Hi - it's been a while since I checked in as things have been rather hectic, my elderly mother has recently had a stroke - thankfully she is recovering, but it has taken a great deal of my time sorting out care and support for her. Amazingly my SO has been quite supportive through this, although there has been just a touch of the usual jealousy that I've been giving my family more attention than him
The other big thing in my (our) lives is that we are moving house shortly and are due to complete on our house sale this coming Friday.
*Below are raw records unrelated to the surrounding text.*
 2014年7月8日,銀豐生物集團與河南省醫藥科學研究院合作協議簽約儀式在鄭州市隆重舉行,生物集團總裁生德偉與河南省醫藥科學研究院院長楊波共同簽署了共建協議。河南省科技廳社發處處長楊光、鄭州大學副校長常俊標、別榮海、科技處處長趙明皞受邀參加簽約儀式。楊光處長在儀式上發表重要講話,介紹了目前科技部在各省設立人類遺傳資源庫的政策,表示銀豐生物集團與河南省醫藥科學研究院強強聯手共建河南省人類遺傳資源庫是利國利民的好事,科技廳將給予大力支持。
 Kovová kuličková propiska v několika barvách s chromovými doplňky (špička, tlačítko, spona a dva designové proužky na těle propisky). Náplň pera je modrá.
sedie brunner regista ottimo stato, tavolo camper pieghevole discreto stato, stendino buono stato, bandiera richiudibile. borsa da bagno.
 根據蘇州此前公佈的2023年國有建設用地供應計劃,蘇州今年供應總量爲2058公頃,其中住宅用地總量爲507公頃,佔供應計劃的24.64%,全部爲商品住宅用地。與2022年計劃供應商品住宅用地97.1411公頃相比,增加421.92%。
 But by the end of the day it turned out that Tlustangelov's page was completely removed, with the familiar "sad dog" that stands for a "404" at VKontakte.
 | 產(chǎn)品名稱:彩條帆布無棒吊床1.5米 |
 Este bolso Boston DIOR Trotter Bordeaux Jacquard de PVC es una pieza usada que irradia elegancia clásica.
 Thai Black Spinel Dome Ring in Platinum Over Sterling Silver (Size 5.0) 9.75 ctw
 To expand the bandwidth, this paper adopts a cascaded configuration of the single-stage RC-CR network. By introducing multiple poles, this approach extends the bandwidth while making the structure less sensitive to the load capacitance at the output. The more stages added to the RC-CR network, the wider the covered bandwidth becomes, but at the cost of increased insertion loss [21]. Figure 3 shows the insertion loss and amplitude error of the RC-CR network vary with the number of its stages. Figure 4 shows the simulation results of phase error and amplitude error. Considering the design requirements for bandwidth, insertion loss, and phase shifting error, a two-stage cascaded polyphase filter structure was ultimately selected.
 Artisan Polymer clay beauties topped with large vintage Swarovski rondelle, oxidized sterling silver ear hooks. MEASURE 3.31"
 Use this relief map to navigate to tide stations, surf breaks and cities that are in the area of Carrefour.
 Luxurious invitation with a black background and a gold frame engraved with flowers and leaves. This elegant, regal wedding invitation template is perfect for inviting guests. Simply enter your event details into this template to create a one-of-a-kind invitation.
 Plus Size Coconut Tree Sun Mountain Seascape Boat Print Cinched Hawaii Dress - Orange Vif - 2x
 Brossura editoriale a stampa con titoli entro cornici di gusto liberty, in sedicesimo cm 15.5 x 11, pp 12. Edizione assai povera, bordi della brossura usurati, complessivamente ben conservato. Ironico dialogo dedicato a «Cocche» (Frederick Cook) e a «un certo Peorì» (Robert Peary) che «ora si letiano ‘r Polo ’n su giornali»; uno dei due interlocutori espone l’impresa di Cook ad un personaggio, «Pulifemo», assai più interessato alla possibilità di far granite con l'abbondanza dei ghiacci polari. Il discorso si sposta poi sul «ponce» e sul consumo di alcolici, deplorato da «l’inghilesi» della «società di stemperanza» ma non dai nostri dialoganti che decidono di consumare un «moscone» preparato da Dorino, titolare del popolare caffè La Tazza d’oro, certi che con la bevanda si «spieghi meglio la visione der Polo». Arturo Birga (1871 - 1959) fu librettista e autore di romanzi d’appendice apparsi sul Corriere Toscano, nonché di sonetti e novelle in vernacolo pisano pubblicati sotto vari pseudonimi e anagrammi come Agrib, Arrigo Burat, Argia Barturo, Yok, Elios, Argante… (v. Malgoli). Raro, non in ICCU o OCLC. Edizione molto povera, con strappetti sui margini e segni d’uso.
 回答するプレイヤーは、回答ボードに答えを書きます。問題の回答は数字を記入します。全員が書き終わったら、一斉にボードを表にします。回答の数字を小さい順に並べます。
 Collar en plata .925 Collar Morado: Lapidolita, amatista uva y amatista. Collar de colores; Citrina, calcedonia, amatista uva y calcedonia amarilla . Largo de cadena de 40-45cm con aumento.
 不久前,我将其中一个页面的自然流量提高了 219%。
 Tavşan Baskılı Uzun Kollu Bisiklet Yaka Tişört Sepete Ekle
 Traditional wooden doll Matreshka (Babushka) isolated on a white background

All has been going ok until yesterday, when we discovered that the solicitor has dropped a couple of balls and the bill they sent over for us to pay prior to completion was incorrect. My SO, who had a rather frustrating day including someone reversing into our car, came home in a foul mood. Later in the day my solicitor called to try and sort out an issue that had occurred with the mortgage. I was speaking to her and he was ranting in the background - eventually I put her on speaker mode and he gave her the full force of his anger over the phone. The poor woman managed somehow to keep here cool but eventually he hung up on her in a fit of pique. I was mortified with frustration and embarrassment at his behaviour. Normally I would let it pass, as I know if I say anything it would cause a row. But his time I was not going to ignore his awful behaviour, so told him that the way he spoke to the solicitor was uncalled for. He hit the roof and said that he's the customer and they are in the wrong because they have messed up which may result in us not completing on time - this is correct and I did say so however I tried to point out that there might have been a better way to handle it than shouting at the poor woman. The main thing that he took offence at was that he felt she spoke sharply to him when she was trying to make a point - something that he absolutely cannot cope with. She was a little sharp, but not in a way that was rude or should have upset anyone. After the call we had an almight row because he feels that I did not 'support' him and that he was right to speak to her how he saw fit.I dissagreed and told him that he should not speak to anyone the way that he did to her and asked him how he would feel if I had been spoken to that way by one of our clients. Something he definately would not tolerate.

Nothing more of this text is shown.